• _DATASET CONTENT_:

== Segment start ==

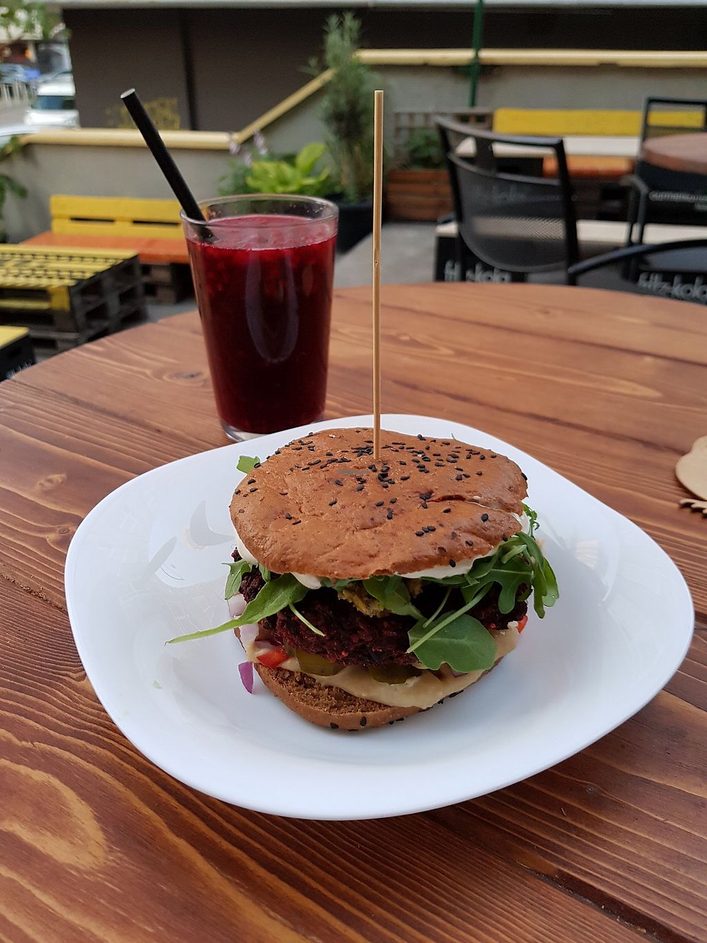 Beetroot burger (small!?) and hibiscus iced tea.
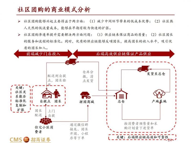 供應鏈是核心,優質團長前期是稀缺資源。社區團購能夠興起主要得益于兩方面:
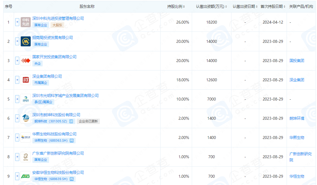 记者查询发现,中心通过组建深圳生物制造产业创新中心有限公司作为运营实体,注册资本70000万元,法定代表人为罗巍,具体由深圳中科先进投资管理有限公司持股26%、招商局投资发展有限公司持股20%、国家开发投资集团有限公司持股20%、深业集团有限公司持股18%、深圳市光明科学城产业发展集团有限公司持股10%等。
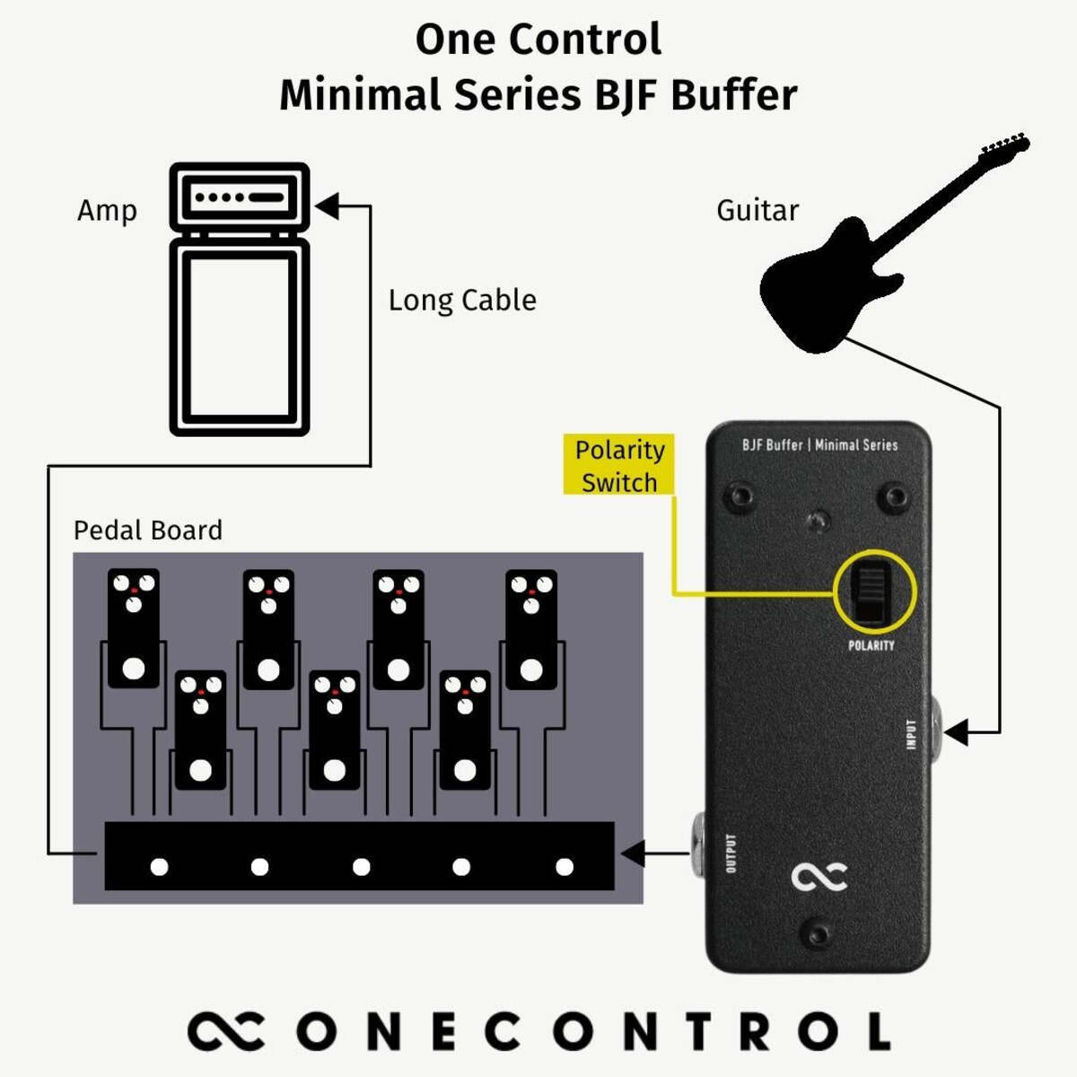 The Phase Inversion switch is used to restore the phase that may be inverted depending on the characteristics of the equipment, or to match the phase of other instruments. The theory behind this can be confusing – but you don't have to worry over difficult things. Make a sound with the band or ensemble at rehearsal and set the switch to the setting that sounds best to your ears. Being in phase with the other instruments will help your sound to project strongly with the band. Let's make your tone stronger along with the whole band with the One Control Minimal Series BJF Buffer!

== Segment end ==

• _TASK DETAILS_: Leave the pictures out and output the rest of the data word for word.

• _TASK SOLUTION_:
 Beetroot burger (small!?) and hibiscus iced tea.
 供應鏈是核心,優質團長前期是稀缺資源。社區團購能夠興起主要得益于兩方面:
 记者查询发现,中心通过组建深圳生物制造产业创新中心有限公司作为运营实体,注册资本70000万元,法定代表人为罗巍,具体由深圳中科先进投资管理有限公司持股26%、招商局投资发展有限公司持股20%、国家开发投资集团有限公司持股20%、深业集团有限公司持股18%、深圳市光明科学城产业发展集团有限公司持股10%等。
 The Phase Inversion switch is used to restore the phase that may be inverted depending on the characteristics of the equipment, or to match the phase of other instruments. The theory behind this can be confusing – but you don't have to worry over difficult things. Make a sound with the band or ensemble at rehearsal and set the switch to the setting that sounds best to your ears. Being in phase with the other instruments will help your sound to project strongly with the band. Let's make your tone stronger along with the whole band with the One Control Minimal Series BJF Buffer!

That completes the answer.